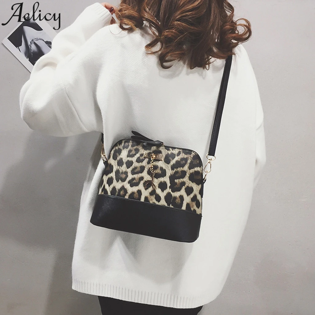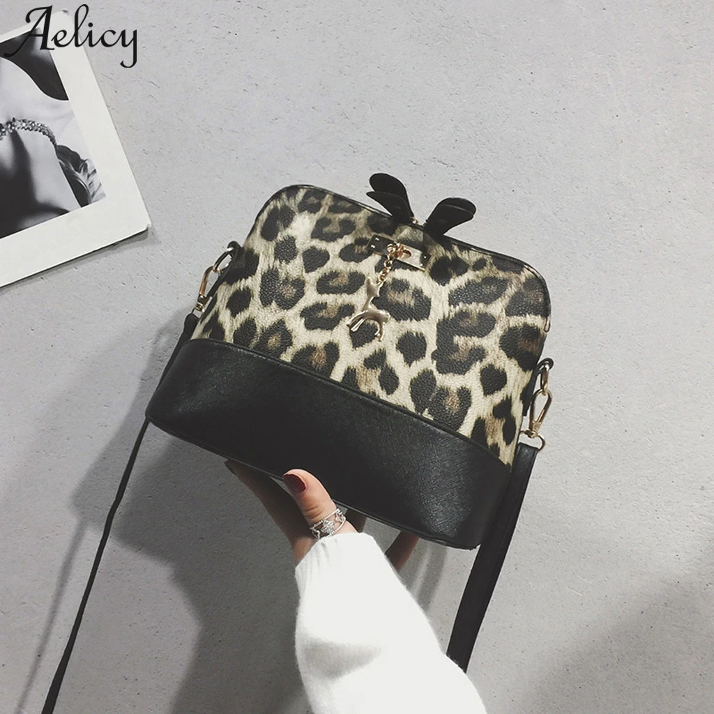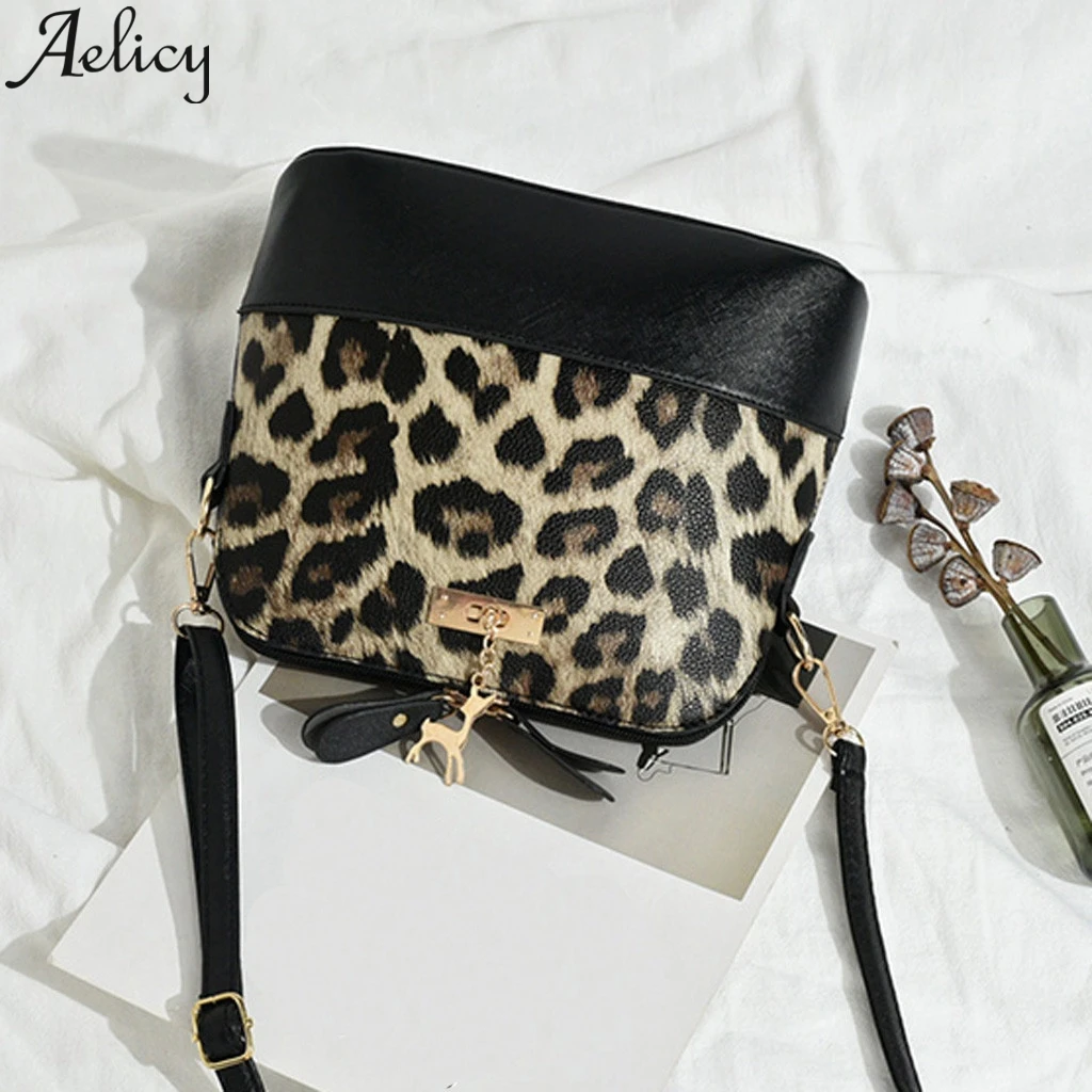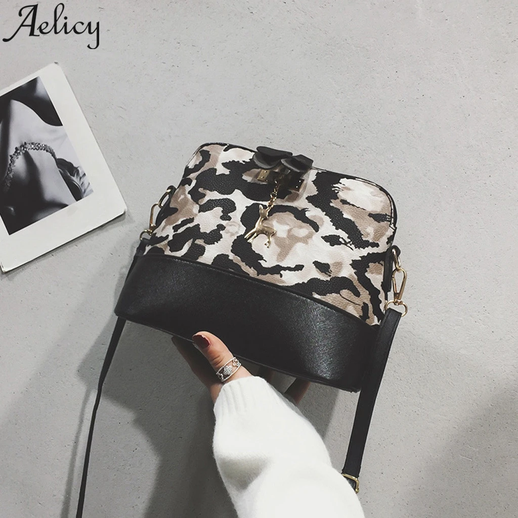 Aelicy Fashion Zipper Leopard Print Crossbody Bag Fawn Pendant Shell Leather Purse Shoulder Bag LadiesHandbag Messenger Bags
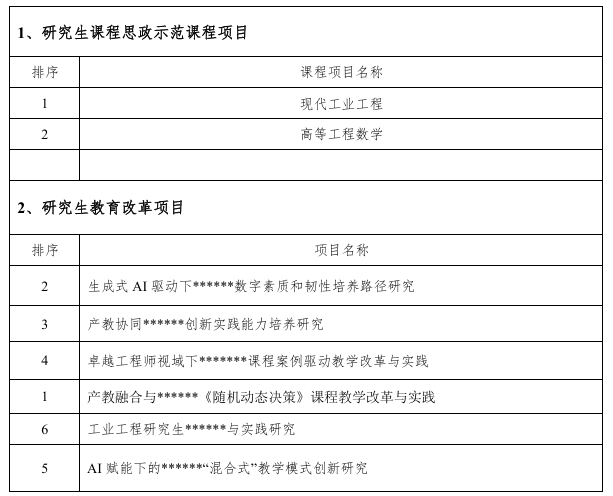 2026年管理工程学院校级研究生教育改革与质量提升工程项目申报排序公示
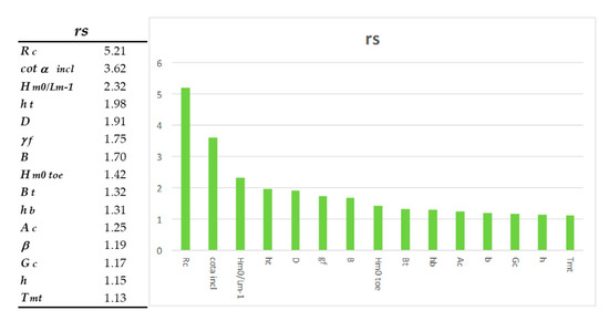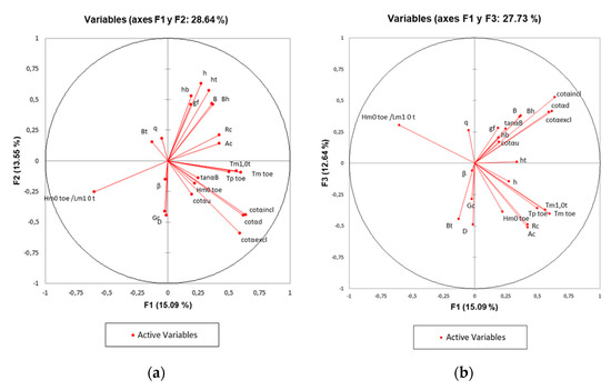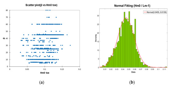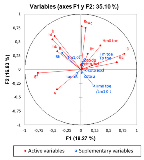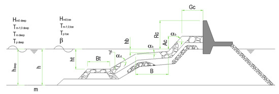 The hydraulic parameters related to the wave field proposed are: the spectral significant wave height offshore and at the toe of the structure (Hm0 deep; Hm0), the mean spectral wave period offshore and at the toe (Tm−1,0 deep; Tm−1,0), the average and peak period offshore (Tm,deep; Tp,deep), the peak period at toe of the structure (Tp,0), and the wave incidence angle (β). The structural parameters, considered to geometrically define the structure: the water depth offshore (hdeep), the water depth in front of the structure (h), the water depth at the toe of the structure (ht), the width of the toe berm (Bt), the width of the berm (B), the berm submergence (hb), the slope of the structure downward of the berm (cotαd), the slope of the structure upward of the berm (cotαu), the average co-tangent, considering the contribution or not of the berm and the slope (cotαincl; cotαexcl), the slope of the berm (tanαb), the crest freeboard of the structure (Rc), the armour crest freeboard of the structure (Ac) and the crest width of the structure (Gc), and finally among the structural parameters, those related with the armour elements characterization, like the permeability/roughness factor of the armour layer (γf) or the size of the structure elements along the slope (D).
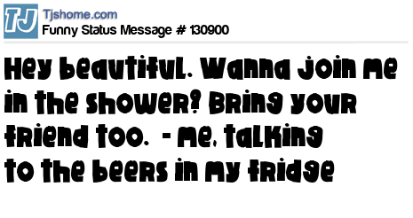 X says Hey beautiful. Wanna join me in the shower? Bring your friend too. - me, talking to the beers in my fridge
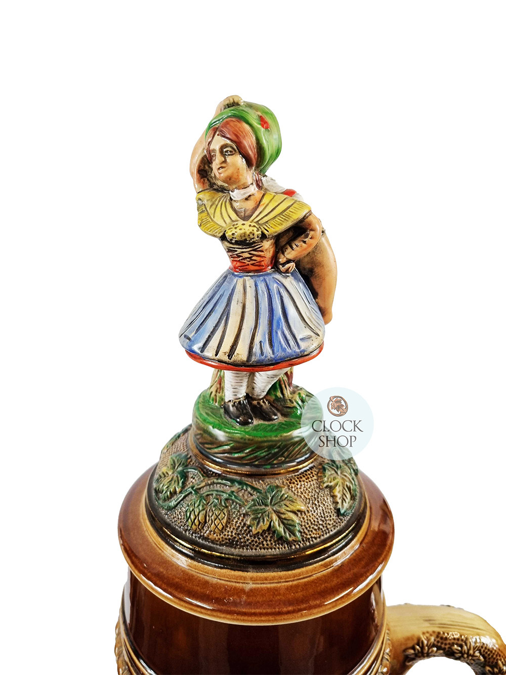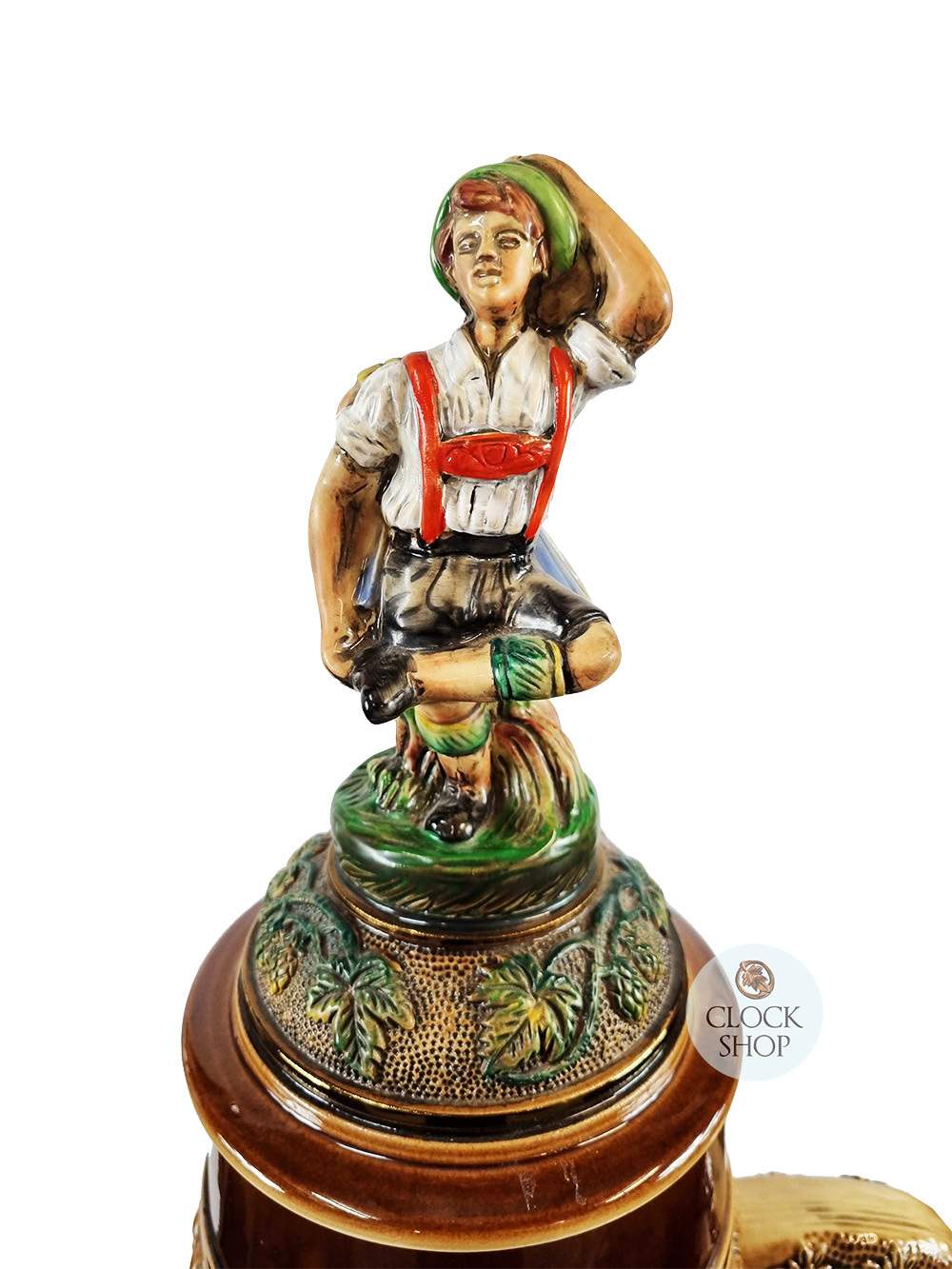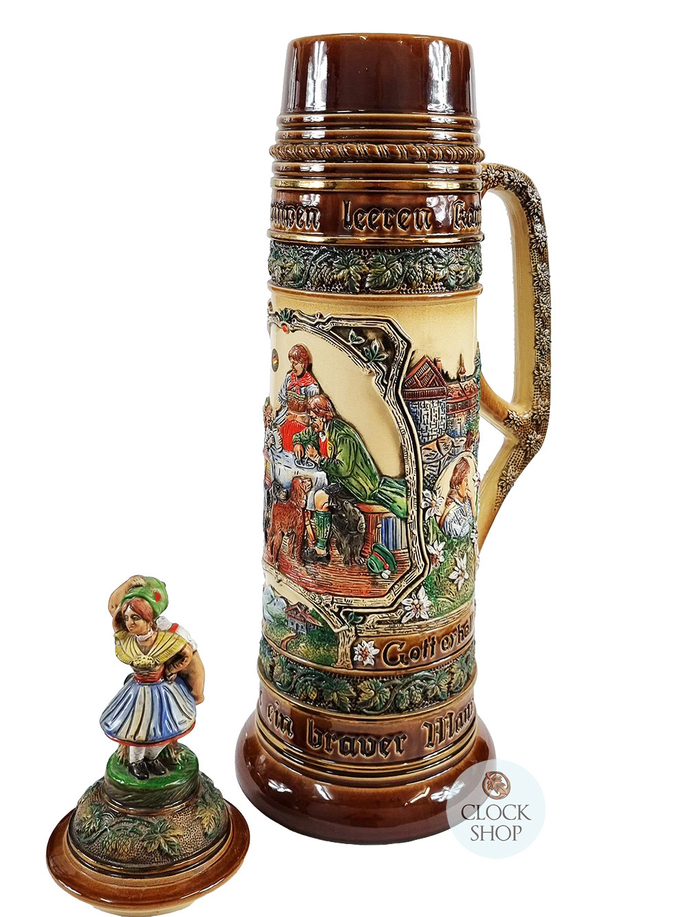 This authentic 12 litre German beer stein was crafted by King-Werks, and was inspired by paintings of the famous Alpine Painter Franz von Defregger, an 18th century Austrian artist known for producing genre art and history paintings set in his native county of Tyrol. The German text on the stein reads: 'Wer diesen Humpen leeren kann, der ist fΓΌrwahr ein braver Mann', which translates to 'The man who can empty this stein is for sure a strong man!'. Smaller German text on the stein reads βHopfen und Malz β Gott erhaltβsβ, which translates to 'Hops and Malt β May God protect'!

## WORK TO BE COMPLETED
Repeat the lines above, starting at the first and stopping after the line that holds "2026年管理工程学院校级研究生教育改革与质量提升工程项目申报排序公示", with the pictures left out.

## RESPONSE
 Aelicy Fashion Zipper Leopard Print Crossbody Bag Fawn Pendant Shell Leather Purse Shoulder Bag LadiesHandbag Messenger Bags
 2026年管理工程学院校级研究生教育改革与质量提升工程项目申报排序公示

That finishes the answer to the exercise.